Copy each entry below verbatim. Skip the pictures.

╭─ Data shown

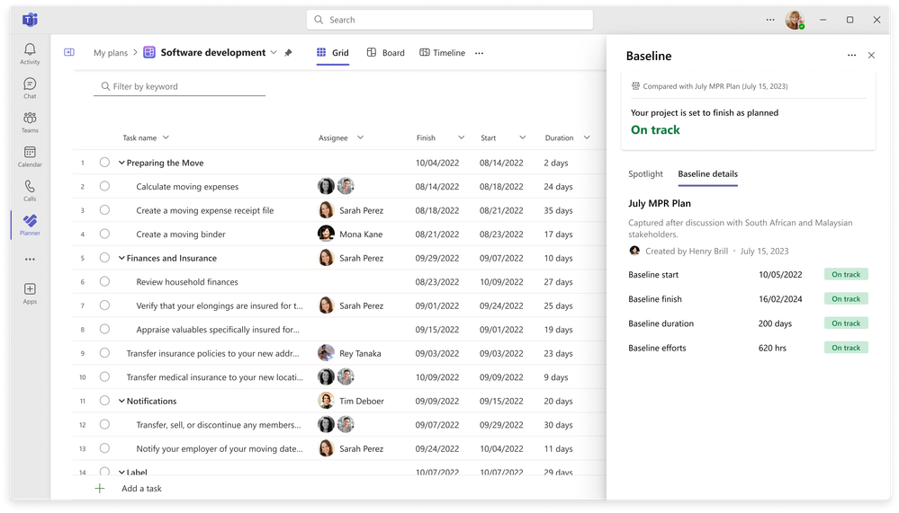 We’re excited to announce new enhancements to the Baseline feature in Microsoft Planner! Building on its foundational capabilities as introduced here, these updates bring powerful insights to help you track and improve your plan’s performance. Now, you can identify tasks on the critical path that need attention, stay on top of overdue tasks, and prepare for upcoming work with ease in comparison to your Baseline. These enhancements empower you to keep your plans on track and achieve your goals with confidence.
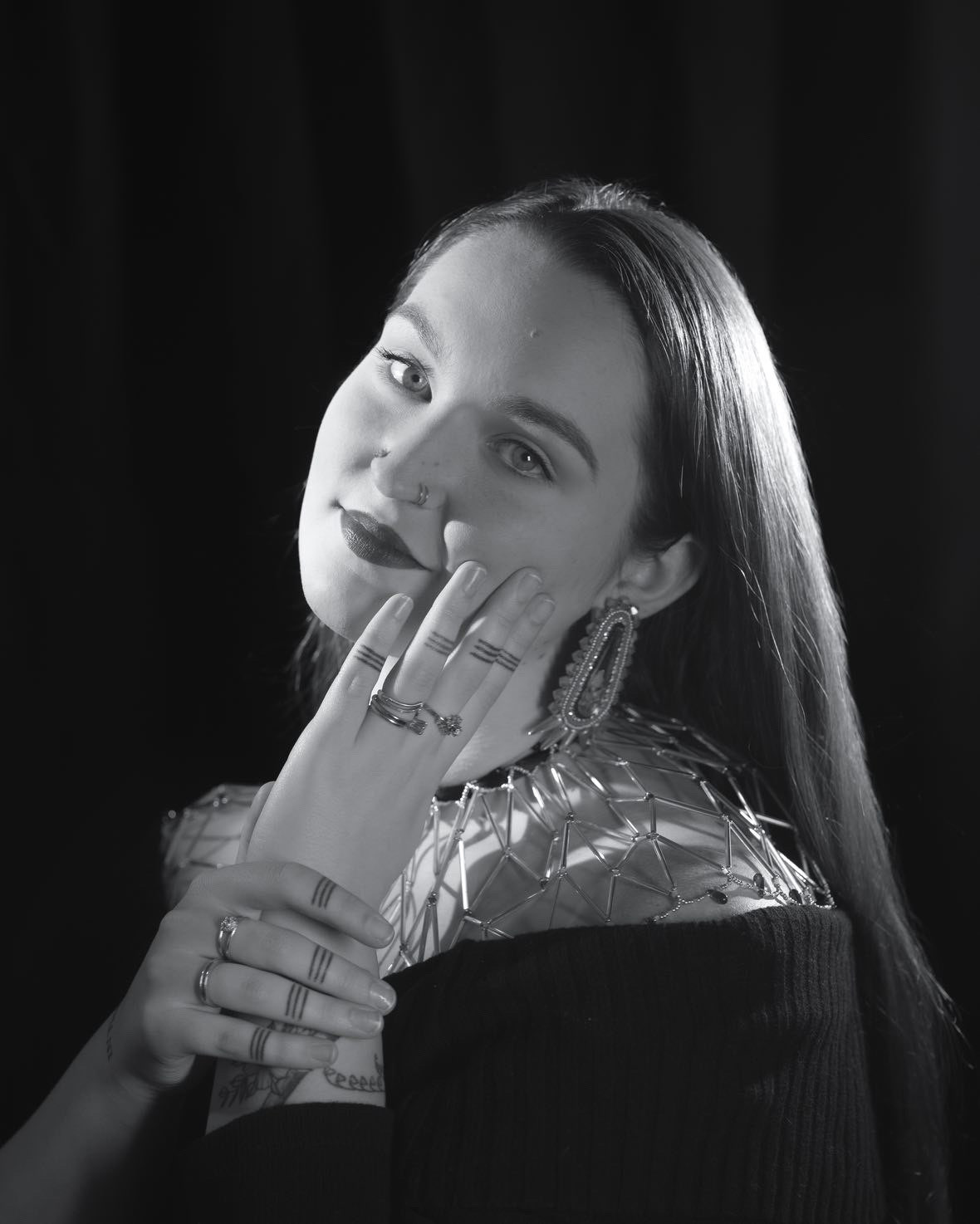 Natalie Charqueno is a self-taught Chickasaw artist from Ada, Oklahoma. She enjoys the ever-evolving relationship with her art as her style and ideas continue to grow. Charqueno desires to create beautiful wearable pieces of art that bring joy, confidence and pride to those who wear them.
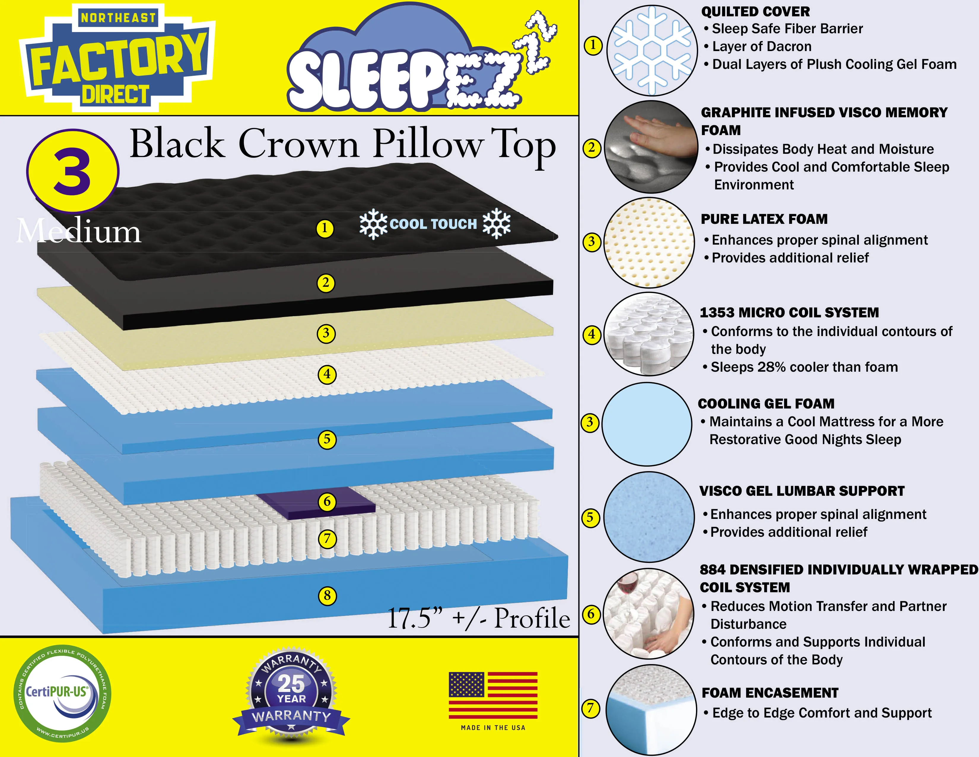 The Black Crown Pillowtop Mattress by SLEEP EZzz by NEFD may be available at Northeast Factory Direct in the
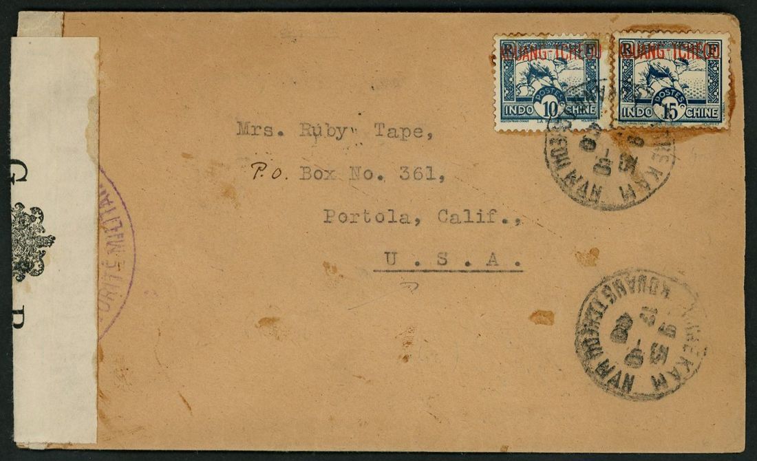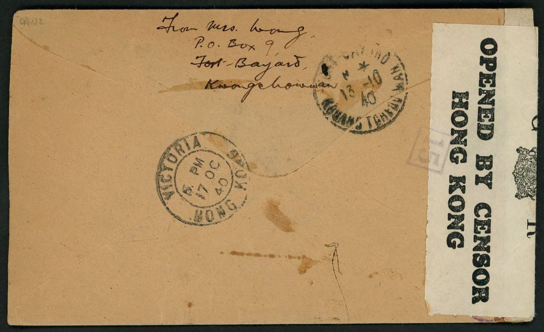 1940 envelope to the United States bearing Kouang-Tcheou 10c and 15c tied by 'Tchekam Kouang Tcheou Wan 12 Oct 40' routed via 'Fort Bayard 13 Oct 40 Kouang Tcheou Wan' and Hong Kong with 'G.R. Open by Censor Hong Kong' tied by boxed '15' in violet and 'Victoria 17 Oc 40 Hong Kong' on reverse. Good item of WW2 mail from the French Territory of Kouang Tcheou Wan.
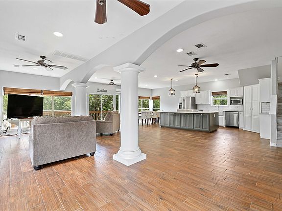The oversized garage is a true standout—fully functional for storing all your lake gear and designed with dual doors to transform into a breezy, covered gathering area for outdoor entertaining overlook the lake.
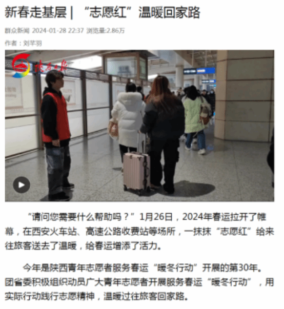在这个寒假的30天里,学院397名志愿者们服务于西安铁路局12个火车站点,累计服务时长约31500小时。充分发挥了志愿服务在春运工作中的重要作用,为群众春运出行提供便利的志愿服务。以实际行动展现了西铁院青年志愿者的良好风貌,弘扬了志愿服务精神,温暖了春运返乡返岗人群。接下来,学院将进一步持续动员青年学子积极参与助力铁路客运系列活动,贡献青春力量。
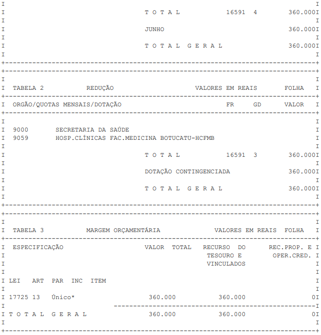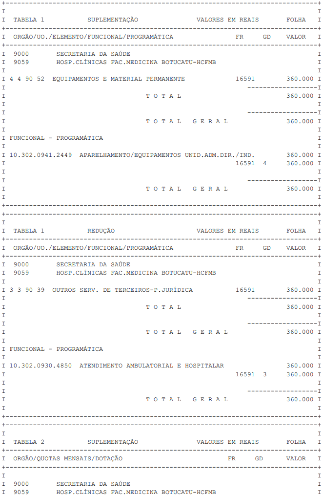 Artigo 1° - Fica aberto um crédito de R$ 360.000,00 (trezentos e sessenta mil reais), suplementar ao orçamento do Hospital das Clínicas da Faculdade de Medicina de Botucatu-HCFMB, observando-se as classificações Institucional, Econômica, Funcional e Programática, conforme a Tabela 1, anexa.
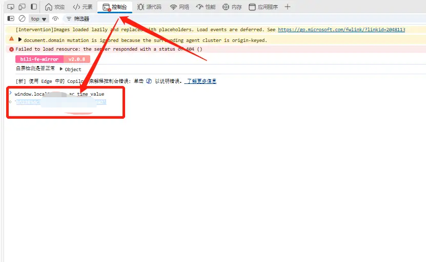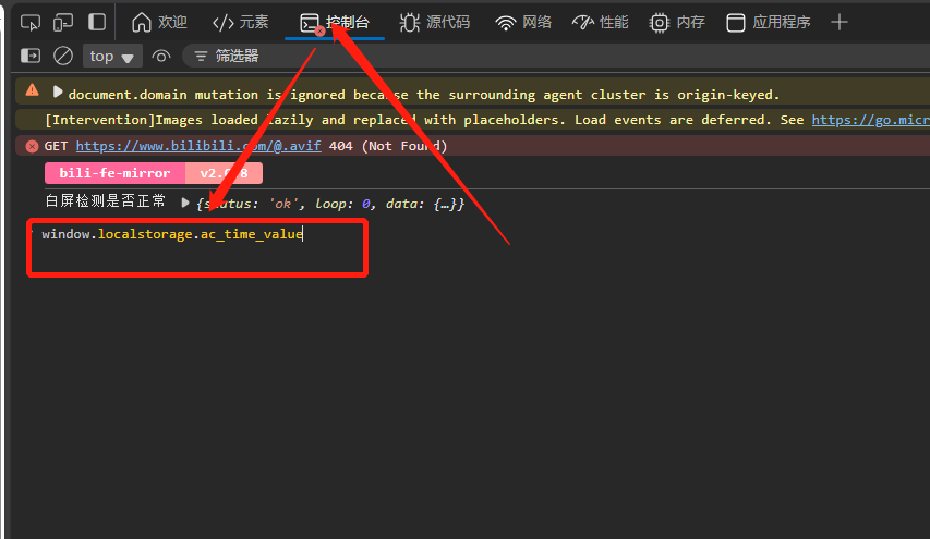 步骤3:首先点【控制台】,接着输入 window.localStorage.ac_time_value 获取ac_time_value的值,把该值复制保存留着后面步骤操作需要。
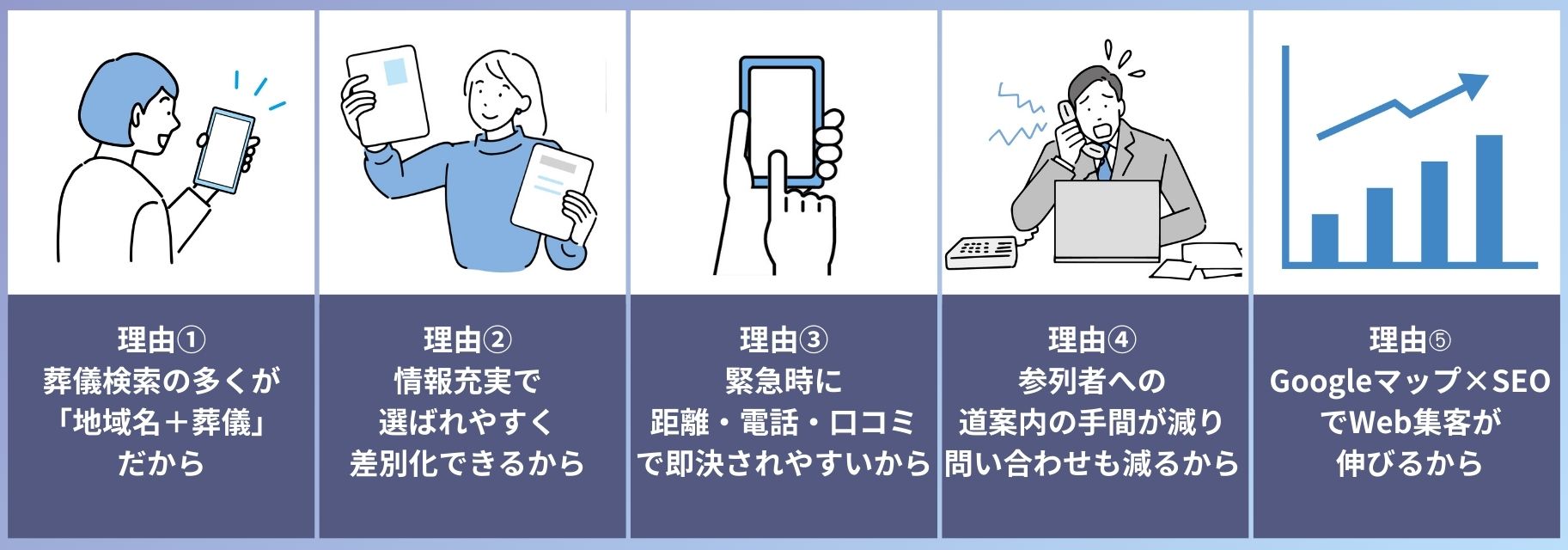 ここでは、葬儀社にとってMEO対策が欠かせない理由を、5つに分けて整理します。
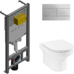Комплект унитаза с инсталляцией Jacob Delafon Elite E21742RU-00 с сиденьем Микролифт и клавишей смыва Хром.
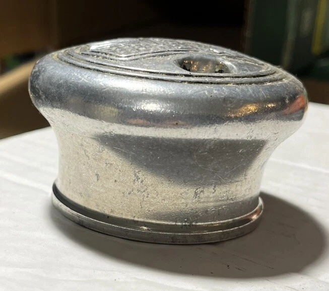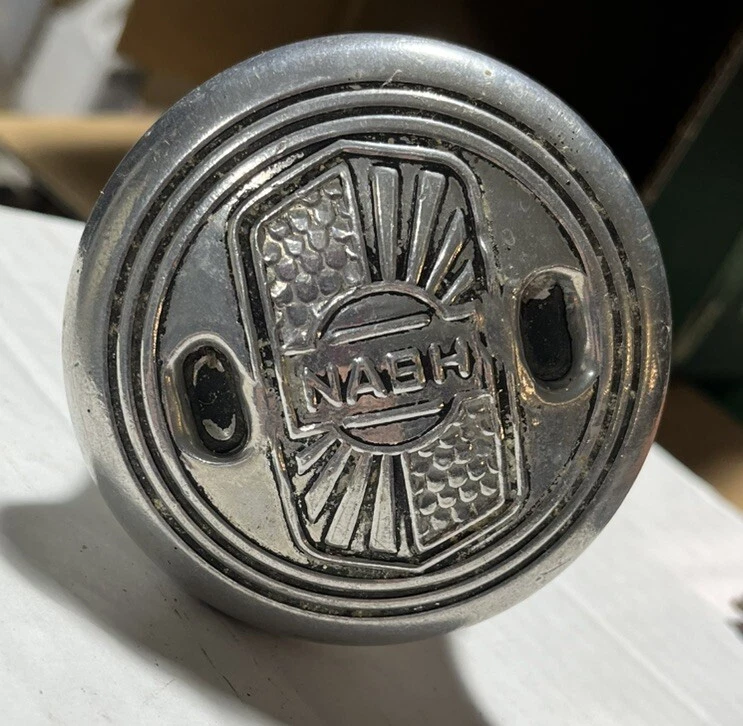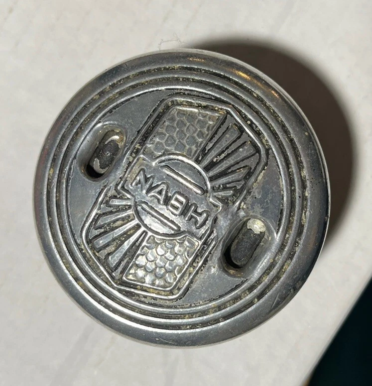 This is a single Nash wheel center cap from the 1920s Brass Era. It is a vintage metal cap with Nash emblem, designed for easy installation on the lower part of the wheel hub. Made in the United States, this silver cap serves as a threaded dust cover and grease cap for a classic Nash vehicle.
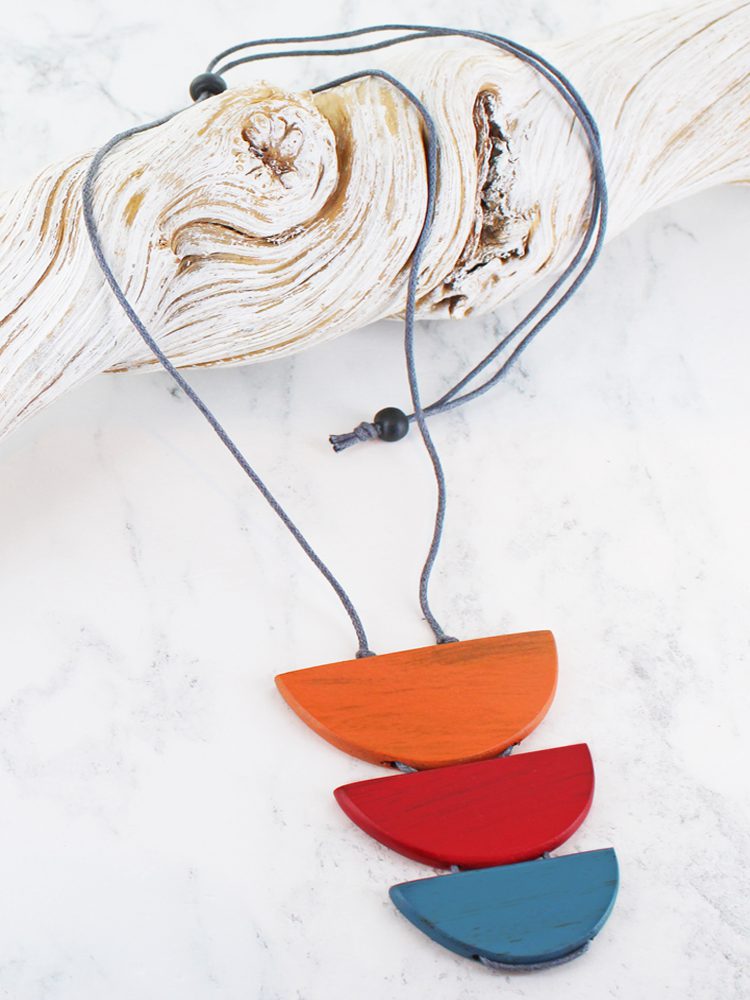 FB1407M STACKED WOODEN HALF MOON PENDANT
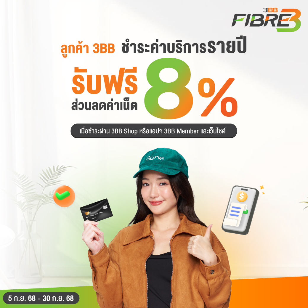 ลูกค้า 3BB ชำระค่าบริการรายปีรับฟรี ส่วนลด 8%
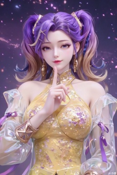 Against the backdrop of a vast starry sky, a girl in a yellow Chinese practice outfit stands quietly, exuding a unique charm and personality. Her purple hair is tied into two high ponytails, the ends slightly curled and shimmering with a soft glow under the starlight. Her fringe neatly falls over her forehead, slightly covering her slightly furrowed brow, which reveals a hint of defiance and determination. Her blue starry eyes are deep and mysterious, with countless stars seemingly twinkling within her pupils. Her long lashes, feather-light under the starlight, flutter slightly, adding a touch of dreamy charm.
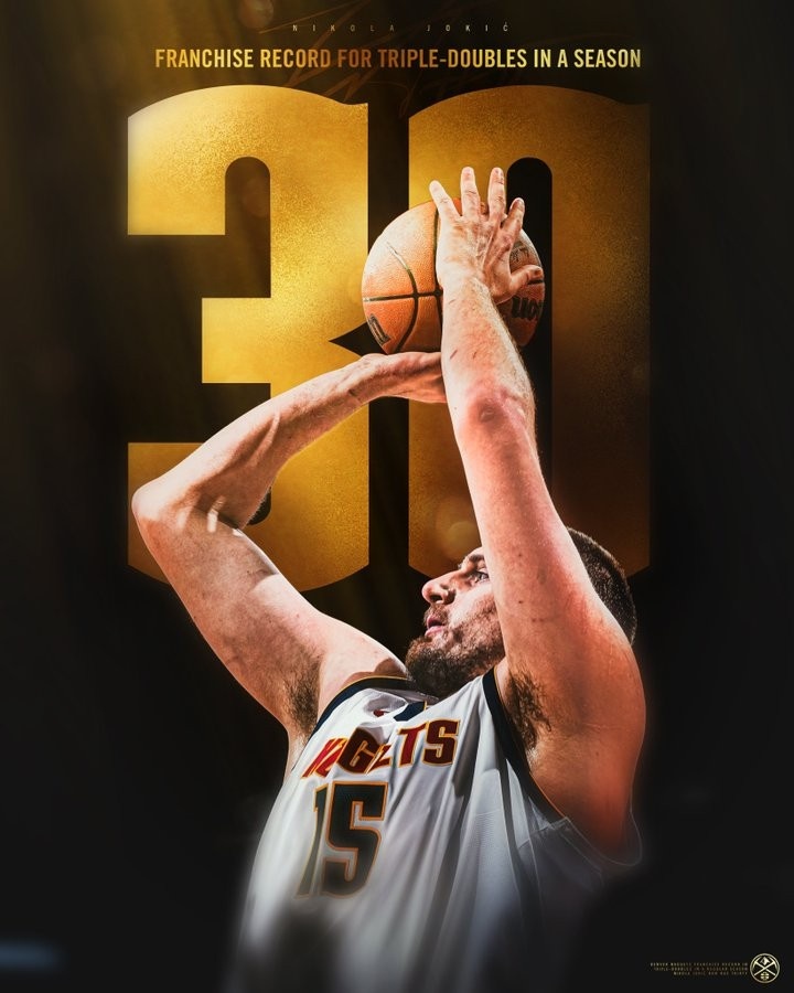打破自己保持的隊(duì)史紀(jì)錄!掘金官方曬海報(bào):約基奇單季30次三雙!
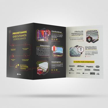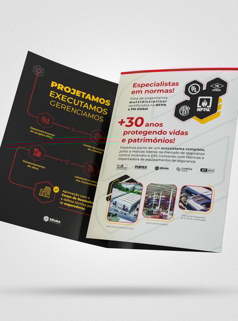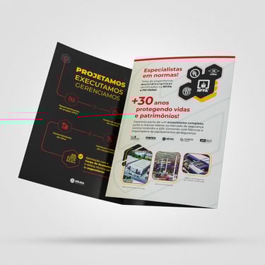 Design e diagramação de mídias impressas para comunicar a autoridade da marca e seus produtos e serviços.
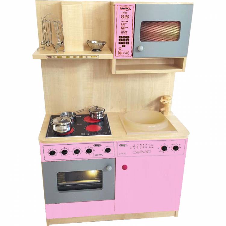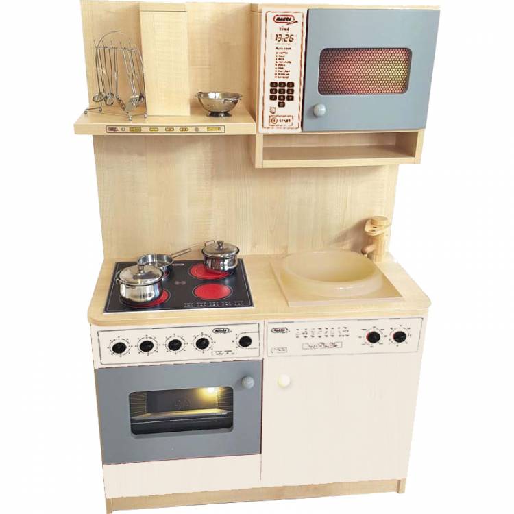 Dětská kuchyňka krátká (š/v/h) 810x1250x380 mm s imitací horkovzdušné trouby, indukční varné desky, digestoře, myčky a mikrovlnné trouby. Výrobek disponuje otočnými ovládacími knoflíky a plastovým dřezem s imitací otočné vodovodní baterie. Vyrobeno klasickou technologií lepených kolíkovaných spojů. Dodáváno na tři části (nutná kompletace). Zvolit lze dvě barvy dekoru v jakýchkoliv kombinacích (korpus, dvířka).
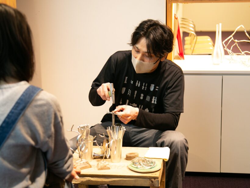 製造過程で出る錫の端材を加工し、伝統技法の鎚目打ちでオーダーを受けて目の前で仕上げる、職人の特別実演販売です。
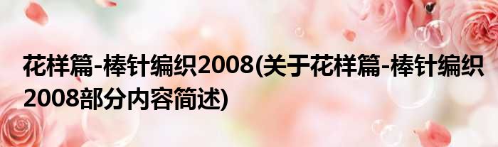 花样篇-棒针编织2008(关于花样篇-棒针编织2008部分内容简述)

╰─

_Answer_
 We’re excited to announce new enhancements to the Baseline feature in Microsoft Planner! Building on its foundational capabilities as introduced here, these updates bring powerful insights to help you track and improve your plan’s performance. Now, you can identify tasks on the critical path that need attention, stay on top of overdue tasks, and prepare for upcoming work with ease in comparison to your Baseline. These enhancements empower you to keep your plans on track and achieve your goals with confidence.
 Natalie Charqueno is a self-taught Chickasaw artist from Ada, Oklahoma. She enjoys the ever-evolving relationship with her art as her style and ideas continue to grow. Charqueno desires to create beautiful wearable pieces of art that bring joy, confidence and pride to those who wear them.
 The Black Crown Pillowtop Mattress by SLEEP EZzz by NEFD may be available at Northeast Factory Direct in the
 1940 envelope to the United States bearing Kouang-Tcheou 10c and 15c tied by 'Tchekam Kouang Tcheou Wan 12 Oct 40' routed via 'Fort Bayard 13 Oct 40 Kouang Tcheou Wan' and Hong Kong with 'G.R. Open by Censor Hong Kong' tied by boxed '15' in violet and 'Victoria 17 Oc 40 Hong Kong' on reverse. Good item of WW2 mail from the French Territory of Kouang Tcheou Wan.
The oversized garage is a true standout—fully functional for storing all your lake gear and designed with dual doors to transform into a breezy, covered gathering area for outdoor entertaining overlook the lake.
在这个寒假的30天里,学院397名志愿者们服务于西安铁路局12个火车站点,累计服务时长约31500小时。充分发挥了志愿服务在春运工作中的重要作用,为群众春运出行提供便利的志愿服务。以实际行动展现了西铁院青年志愿者的良好风貌,弘扬了志愿服务精神,温暖了春运返乡返岗人群。接下来,学院将进一步持续动员青年学子积极参与助力铁路客运系列活动,贡献青春力量。
 Artigo 1° - Fica aberto um crédito de R$ 360.000,00 (trezentos e sessenta mil reais), suplementar ao orçamento do Hospital das Clínicas da Faculdade de Medicina de Botucatu-HCFMB, observando-se as classificações Institucional, Econômica, Funcional e Programática, conforme a Tabela 1, anexa.
 步骤3:首先点【控制台】,接着输入 window.localStorage.ac_time_value 获取ac_time_value的值,把该值复制保存留着后面步骤操作需要。
 ここでは、葬儀社にとってMEO対策が欠かせない理由を、5つに分けて整理します。
Комплект унитаза с инсталляцией Jacob Delafon Elite E21742RU-00 с сиденьем Микролифт и клавишей смыва Хром.
 This is a single Nash wheel center cap from the 1920s Brass Era. It is a vintage metal cap with Nash emblem, designed for easy installation on the lower part of the wheel hub. Made in the United States, this silver cap serves as a threaded dust cover and grease cap for a classic Nash vehicle.
 FB1407M STACKED WOODEN HALF MOON PENDANT
 ลูกค้า 3BB ชำระค่าบริการรายปีรับฟรี ส่วนลด 8%
 Against the backdrop of a vast starry sky, a girl in a yellow Chinese practice outfit stands quietly, exuding a unique charm and personality. Her purple hair is tied into two high ponytails, the ends slightly curled and shimmering with a soft glow under the starlight. Her fringe neatly falls over her forehead, slightly covering her slightly furrowed brow, which reveals a hint of defiance and determination. Her blue starry eyes are deep and mysterious, with countless stars seemingly twinkling within her pupils. Her long lashes, feather-light under the starlight, flutter slightly, adding a touch of dreamy charm.
打破自己保持的隊(duì)史紀(jì)錄!掘金官方曬海報(bào):約基奇單季30次三雙!
 Design e diagramação de mídias impressas para comunicar a autoridade da marca e seus produtos e serviços.
 Dětská kuchyňka krátká (š/v/h) 810x1250x380 mm s imitací horkovzdušné trouby, indukční varné desky, digestoře, myčky a mikrovlnné trouby. Výrobek disponuje otočnými ovládacími knoflíky a plastovým dřezem s imitací otočné vodovodní baterie. Vyrobeno klasickou technologií lepených kolíkovaných spojů. Dodáváno na tři části (nutná kompletace). Zvolit lze dvě barvy dekoru v jakýchkoliv kombinacích (korpus, dvířka).
 製造過程で出る錫の端材を加工し、伝統技法の鎚目打ちでオーダーを受けて目の前で仕上げる、職人の特別実演販売です。
 花样篇-棒针编织2008(关于花样篇-棒针编织2008部分内容简述)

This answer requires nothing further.